__RAW DATA__
---------------

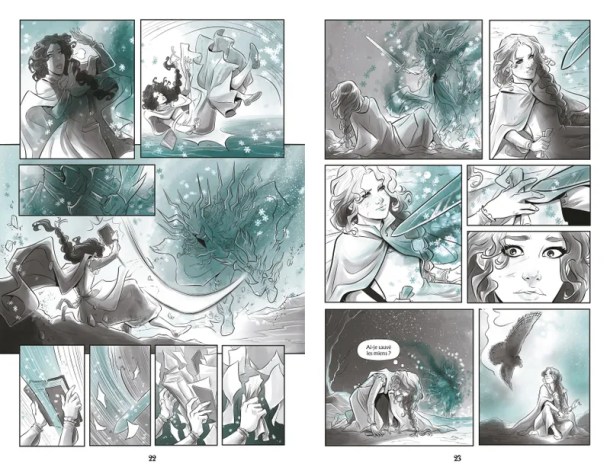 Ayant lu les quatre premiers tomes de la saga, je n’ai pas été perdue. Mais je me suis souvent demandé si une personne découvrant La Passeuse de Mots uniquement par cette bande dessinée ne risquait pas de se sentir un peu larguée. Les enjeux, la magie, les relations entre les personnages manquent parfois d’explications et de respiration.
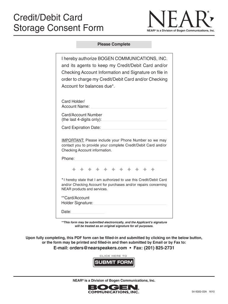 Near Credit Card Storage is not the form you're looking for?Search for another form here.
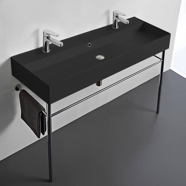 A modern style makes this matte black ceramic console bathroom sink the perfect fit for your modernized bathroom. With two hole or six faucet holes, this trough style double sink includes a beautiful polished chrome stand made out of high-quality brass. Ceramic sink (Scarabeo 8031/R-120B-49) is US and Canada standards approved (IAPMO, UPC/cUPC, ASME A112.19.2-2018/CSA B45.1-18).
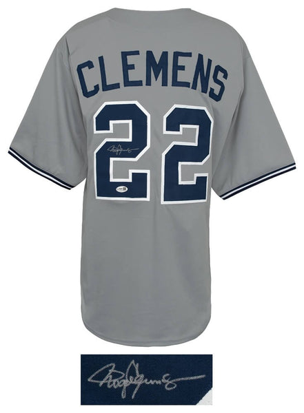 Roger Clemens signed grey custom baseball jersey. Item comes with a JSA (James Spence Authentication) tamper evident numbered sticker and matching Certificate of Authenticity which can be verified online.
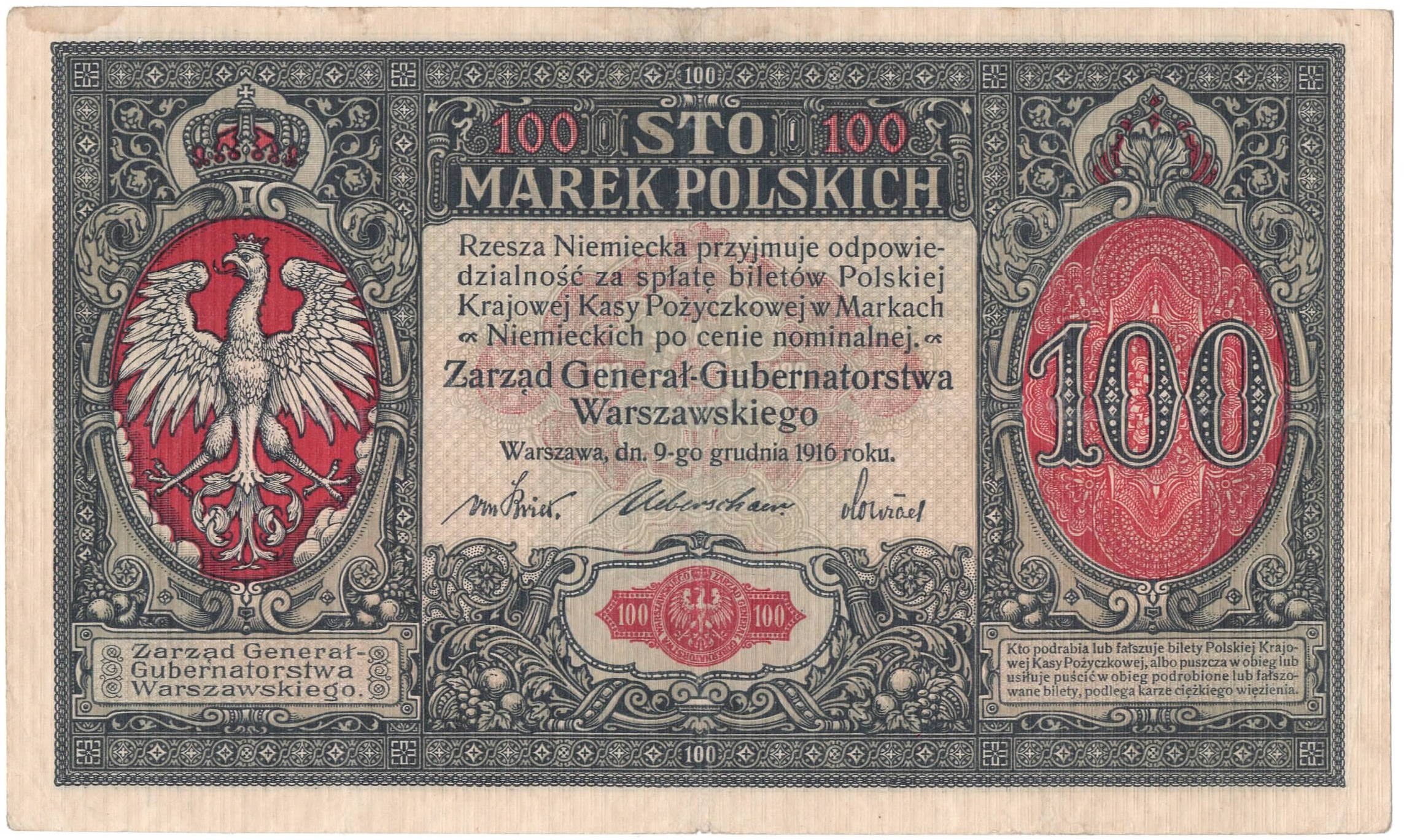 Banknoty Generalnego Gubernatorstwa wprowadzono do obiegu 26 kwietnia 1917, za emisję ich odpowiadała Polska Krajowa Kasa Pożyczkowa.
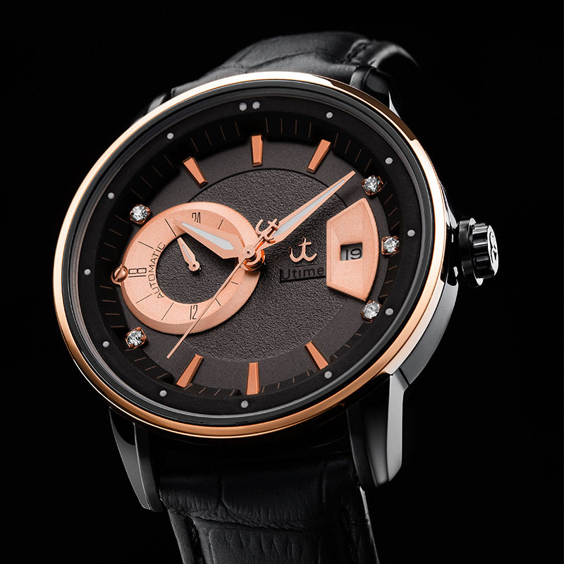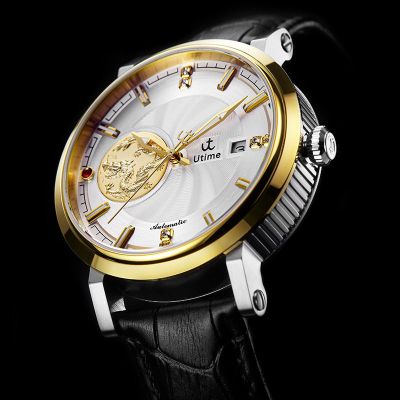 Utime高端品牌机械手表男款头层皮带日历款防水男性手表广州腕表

---------------

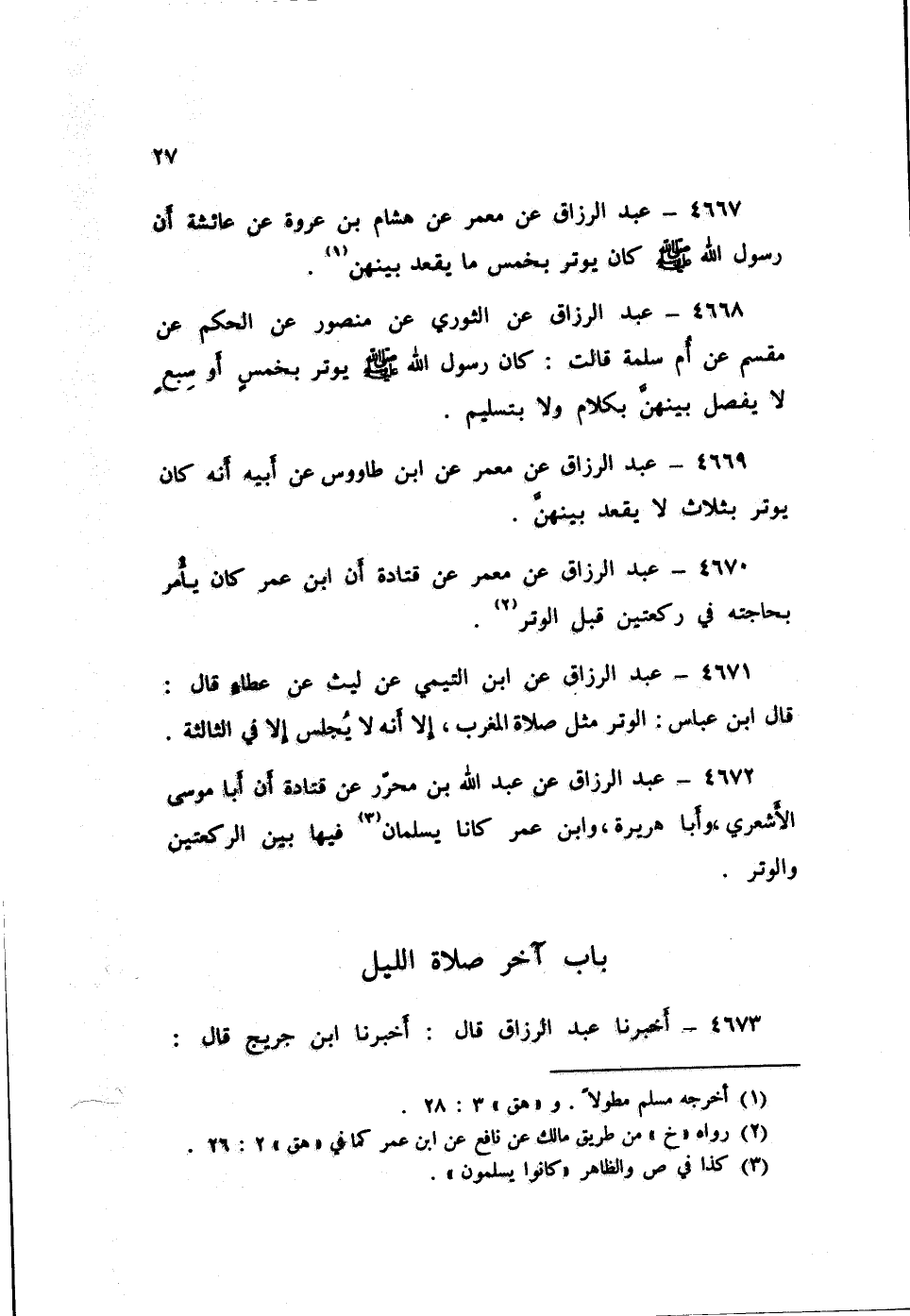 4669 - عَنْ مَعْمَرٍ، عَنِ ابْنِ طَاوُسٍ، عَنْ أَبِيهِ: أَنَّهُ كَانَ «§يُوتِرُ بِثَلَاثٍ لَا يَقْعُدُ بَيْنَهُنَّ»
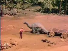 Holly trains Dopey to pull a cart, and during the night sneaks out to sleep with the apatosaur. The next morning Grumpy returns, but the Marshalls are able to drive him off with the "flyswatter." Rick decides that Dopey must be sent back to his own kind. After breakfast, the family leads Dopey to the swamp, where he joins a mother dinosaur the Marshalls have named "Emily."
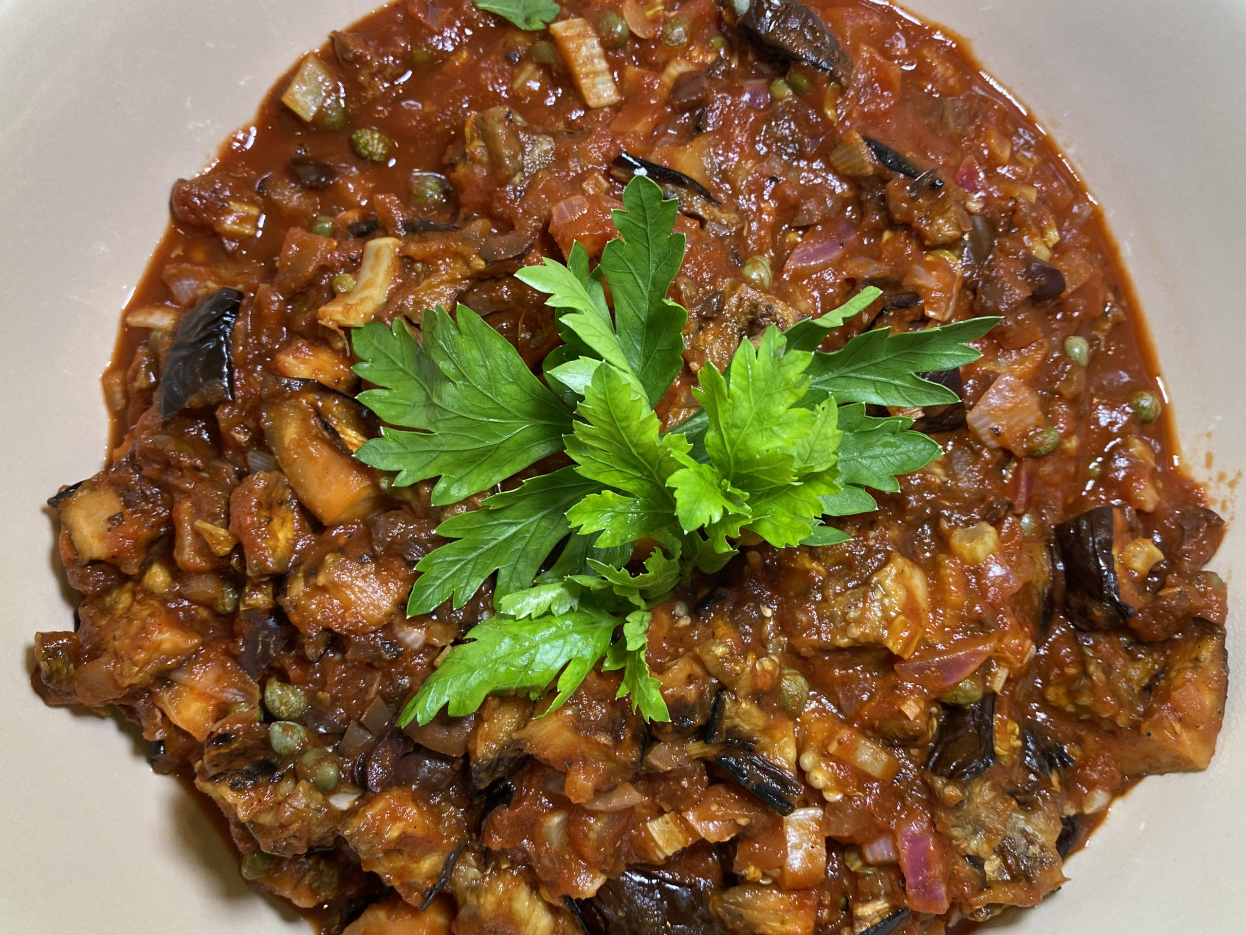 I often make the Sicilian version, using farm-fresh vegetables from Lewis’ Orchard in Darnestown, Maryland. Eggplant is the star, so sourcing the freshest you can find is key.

---------------

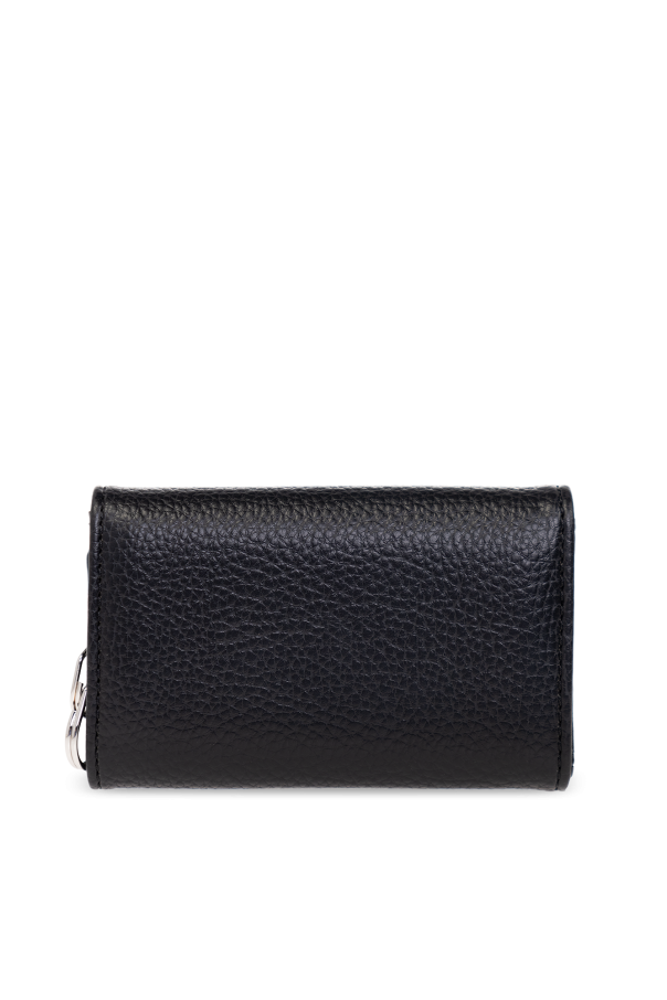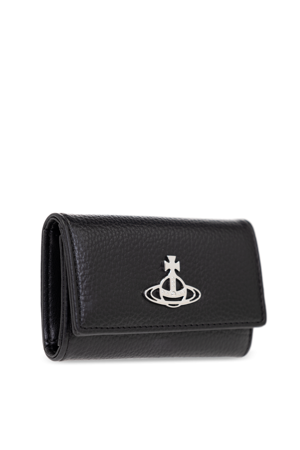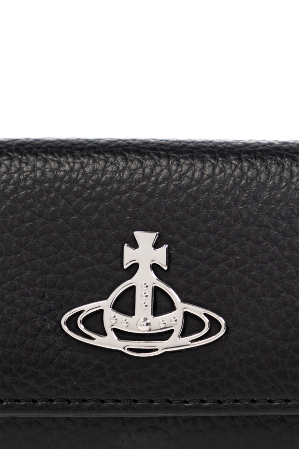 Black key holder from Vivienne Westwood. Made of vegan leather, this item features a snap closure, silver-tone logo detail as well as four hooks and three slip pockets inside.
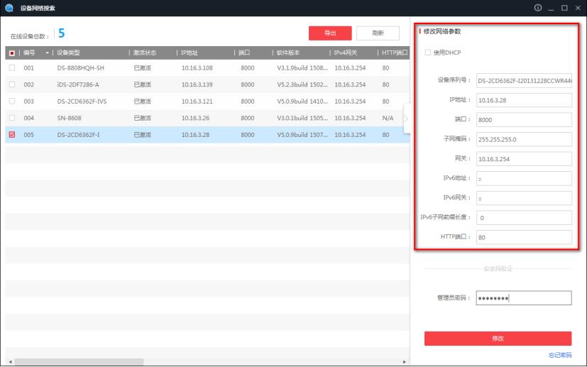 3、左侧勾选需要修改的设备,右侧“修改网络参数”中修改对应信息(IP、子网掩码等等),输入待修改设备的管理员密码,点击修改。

---------------

__TASK DESCRIPTION__
Excluding any pictures, print exactly the lines of the listing above from the line with "Ayant lu les" to the line with "Near Credit Card", both ends included.

__YOUR RESPONSE__
 Ayant lu les quatre premiers tomes de la saga, je n’ai pas été perdue. Mais je me suis souvent demandé si une personne découvrant La Passeuse de Mots uniquement par cette bande dessinée ne risquait pas de se sentir un peu larguée. Les enjeux, la magie, les relations entre les personnages manquent parfois d’explications et de respiration.
 Near Credit Card Storage is not the form you're looking for?Search for another form here.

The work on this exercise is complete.